I have been using deeplabcut (DLC) in my laptop and it perfectly works. However, training is really long and then I started doing it inside a cluster. First of all it seemed that it was doing the training correctly, however I didn’t get the files I was supposed to. Then I upgraded DLC, and I am currently using: “DeepLabCut/22.214.171.124-Anaconda3-GPU”. With this new version, I’m trying to run deeplabcut but it is not working, and I don’t really understand why.
When I was using the old DLC version, I orderered it to run for 200 000 iterations and it took 4 hours aprox. It ran for 200 000 iterations because I was typing: deeplabcut.train_network(config_path,shuffle=1, trainingsetindex=0, gputouse=None, displayiters=1000, saveiters=20000, maxiters=200000) (as it’s written in the nature protocol). However, as I said before, I didn’t get the files I was supposed to.
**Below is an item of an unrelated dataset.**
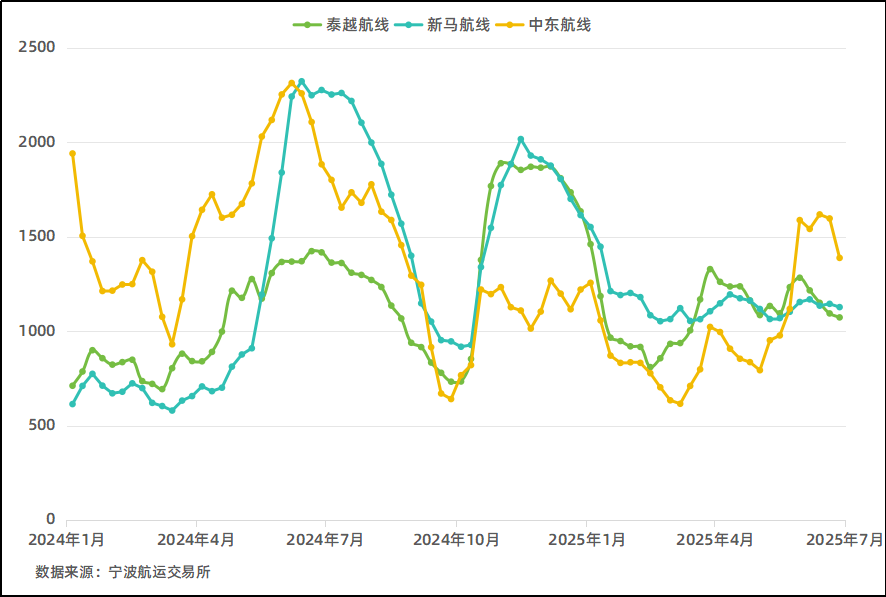 东南亚航线第一季度运价延续调整态势,呈现先跌后涨格局。4月,受美国对等关税政策升级影响,区域贸易结构加速重构,东盟中转国承接中国出口订单需求增加,推动泰越航线运价温和上涨至1040美元/FEU,新马航线上涨至850美元/FEU。截至6月末,运价基本稳定在涨后水平,泰越航线约920美元/FEU,新马航线约830美元/FEU,显示出转口贸易对运价的有力支撑。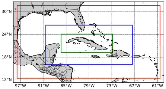- Sierra-Lorenzo, M.; Ferrer-Hernández, A.L.; Hernández-Valdés, R.; González-Mayor, Y.; Cruz-Rodríguez, R.C.; Borrajero-Montejo, I.; Rodríguez-Genó, C. Sistema Automático de Predicción a Mesoescala de Cuatro Ciclos Diarios; Technical Report; Instituto de Meteorología de Cuba: La Habana, Cuba, 2014. [Google Scholar]

Now with the upgraded version it makes no iterations and says the training is stopped due to time limit. The cluster I’m using has a time limit of 12hours. But this error makes no sense because usually it takes 4 hours to make 200 000 iterations. I write below what it says:
**WARNING:tensorflow:From /opt/sci-soft/software/DeepLabCut/126.96.36.199-Anaconda3-GPU/lib/python3.6/site-packages/tensorflow/python/framework/op_def_l$** **Instructions for updating:** **Colocations handled automatically by placer.** **WARNING:tensorflow:From /opt/sci-soft/software/DeepLabCut/188.8.131.52-Anaconda3-GPU/lib/python3.6/site-packages/tensorflow/python/ops/losses/losses_$** **Instructions for updating:** **Use tf.cast instead.** **WARNING:tensorflow:From /opt/sci-soft/software/DeepLabCut/184.108.40.206-Anaconda3-GPU/lib/python3.6/site-packages/tensorflow/python/training/saver.py:$** **Instructions for updating:** **Use standard file APIs to check for files with this prefix.** **DLC loaded in light mode; you cannot use any GUI (labeling, relabeling and standalone GUI)** **Switching batchsize to 1, as default/tensorpack/deterministic loaders do not support batches >1. Use imgaug loader.** **Starting with standard pose-dataset loader.** **Initializing ResNet** **Loading ImageNet-pretrained resnet_50** **slurmstepd: error: *** JOB 1867327 ON gpuceib01 CANCELLED AT 2020-03-11T06:26:16 DUE TO TIME LIMIT *****
I don’t really understand what is happening, as I have not a big knowledge of informatics. Maybe it’s really simple but I don’t get where’s the mistake. I would really appreciate your help.